*Aim of the exercise:* Determine how many lines in the entries below contain the word "رسوم". The reply is that number alone.
(Beginning of Extracted entries)
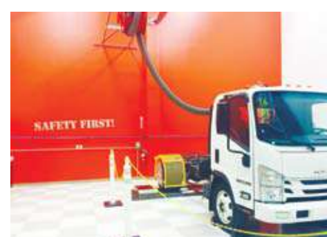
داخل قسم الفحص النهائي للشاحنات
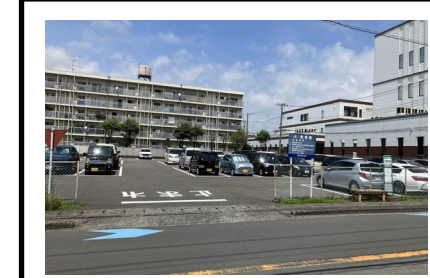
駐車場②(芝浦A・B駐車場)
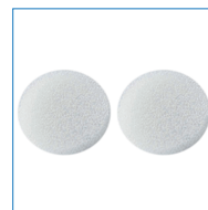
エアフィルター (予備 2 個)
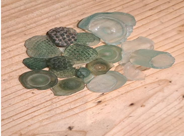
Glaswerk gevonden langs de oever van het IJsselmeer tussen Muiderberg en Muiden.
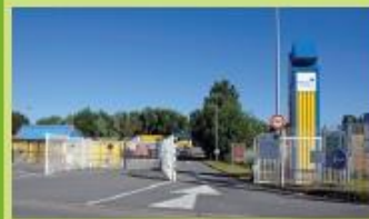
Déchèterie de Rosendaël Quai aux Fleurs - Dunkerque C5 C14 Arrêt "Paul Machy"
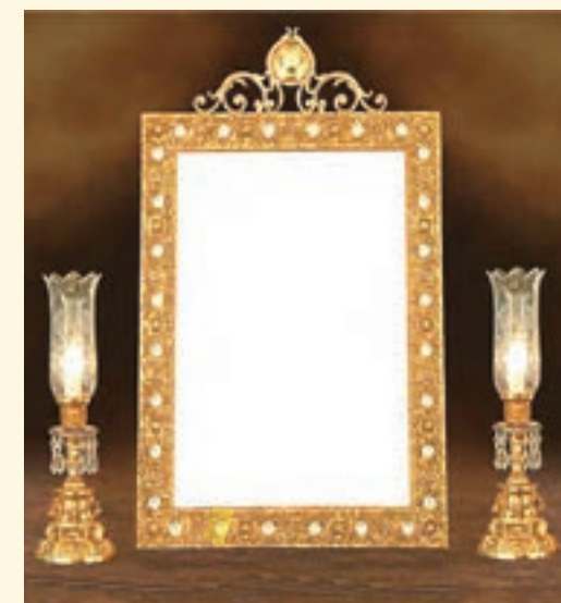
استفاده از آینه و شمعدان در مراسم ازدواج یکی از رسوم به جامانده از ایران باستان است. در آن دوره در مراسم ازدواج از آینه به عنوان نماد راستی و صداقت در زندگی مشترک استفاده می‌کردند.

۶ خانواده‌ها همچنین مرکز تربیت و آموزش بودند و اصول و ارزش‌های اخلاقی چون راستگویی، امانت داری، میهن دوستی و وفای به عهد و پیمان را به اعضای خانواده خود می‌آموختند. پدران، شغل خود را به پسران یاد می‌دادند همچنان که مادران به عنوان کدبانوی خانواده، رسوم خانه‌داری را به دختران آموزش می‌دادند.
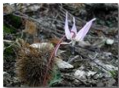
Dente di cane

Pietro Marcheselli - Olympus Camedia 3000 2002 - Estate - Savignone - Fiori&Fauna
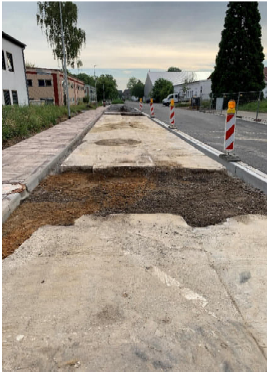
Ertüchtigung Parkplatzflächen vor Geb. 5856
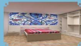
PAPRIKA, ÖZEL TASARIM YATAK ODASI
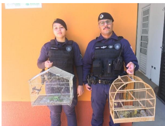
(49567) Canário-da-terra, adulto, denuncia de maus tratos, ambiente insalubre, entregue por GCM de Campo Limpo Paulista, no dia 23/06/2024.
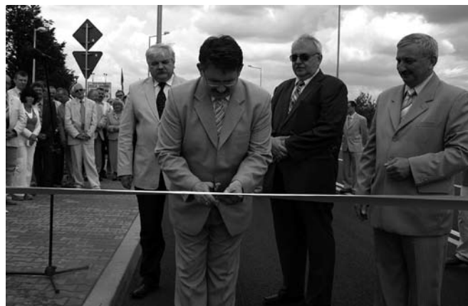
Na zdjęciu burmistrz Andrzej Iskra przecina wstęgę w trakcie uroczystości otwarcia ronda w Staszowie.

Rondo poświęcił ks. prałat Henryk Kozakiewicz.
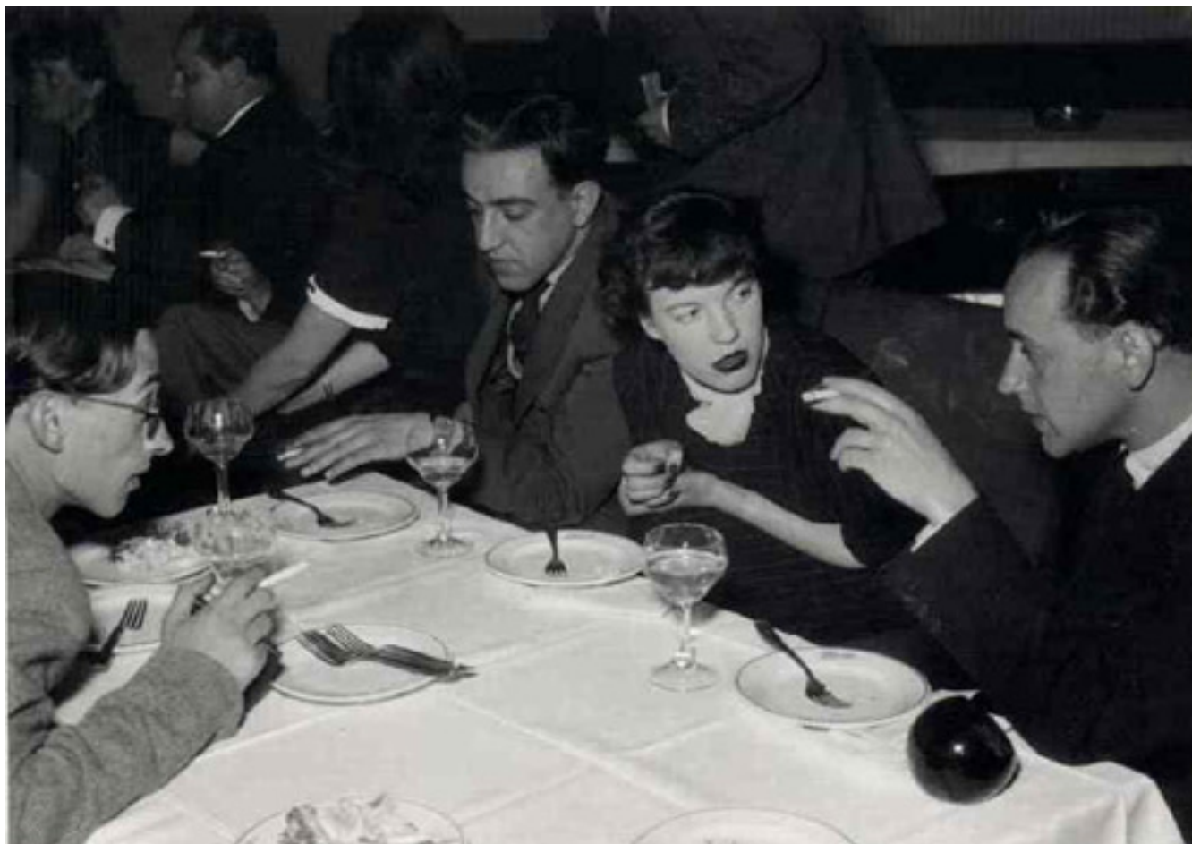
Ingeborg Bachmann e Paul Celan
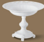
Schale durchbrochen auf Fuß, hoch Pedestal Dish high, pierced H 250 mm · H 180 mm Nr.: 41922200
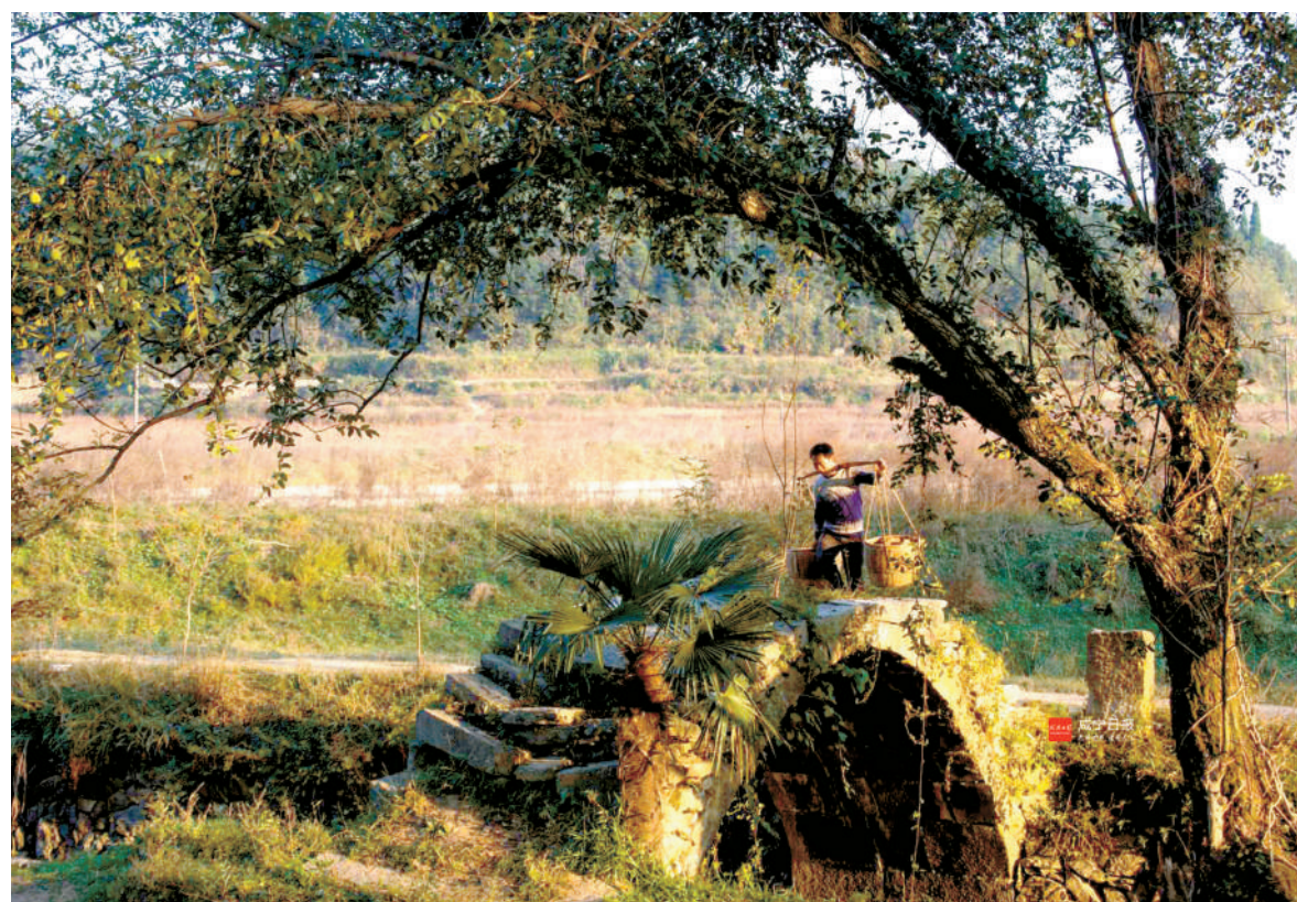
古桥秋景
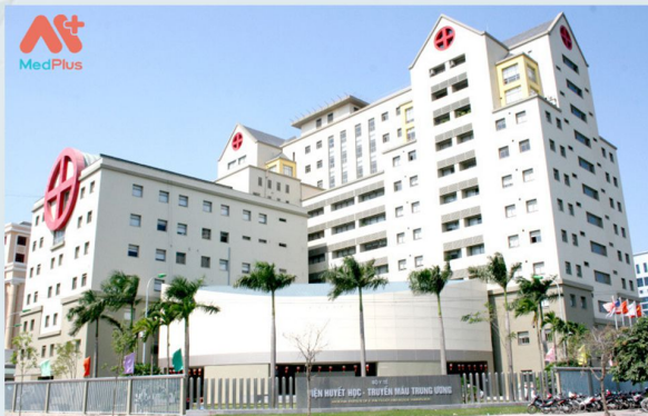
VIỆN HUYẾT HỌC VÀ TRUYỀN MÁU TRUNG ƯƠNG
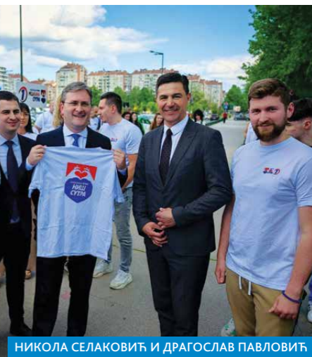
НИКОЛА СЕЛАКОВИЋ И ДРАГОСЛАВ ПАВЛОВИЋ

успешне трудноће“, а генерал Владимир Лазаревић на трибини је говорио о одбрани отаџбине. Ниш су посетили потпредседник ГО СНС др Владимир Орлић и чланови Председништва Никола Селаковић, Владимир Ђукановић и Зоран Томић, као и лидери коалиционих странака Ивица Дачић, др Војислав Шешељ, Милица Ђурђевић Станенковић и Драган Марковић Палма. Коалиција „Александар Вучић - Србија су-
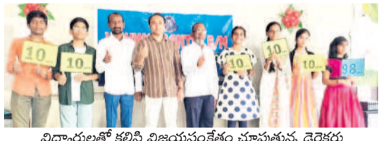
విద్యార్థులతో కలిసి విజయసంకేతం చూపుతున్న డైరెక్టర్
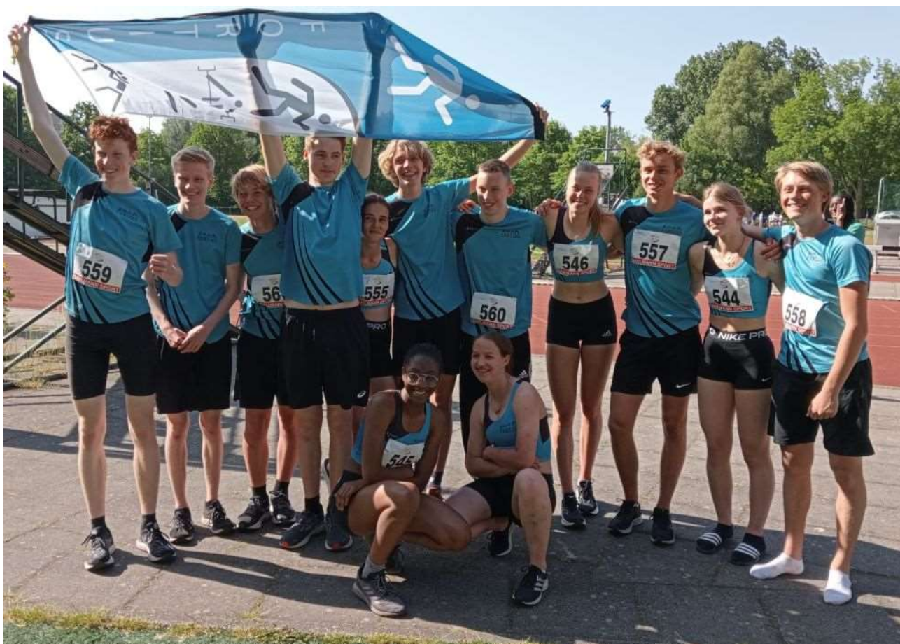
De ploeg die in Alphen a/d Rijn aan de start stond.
(End of Extracted entries)
*Answer box:* 2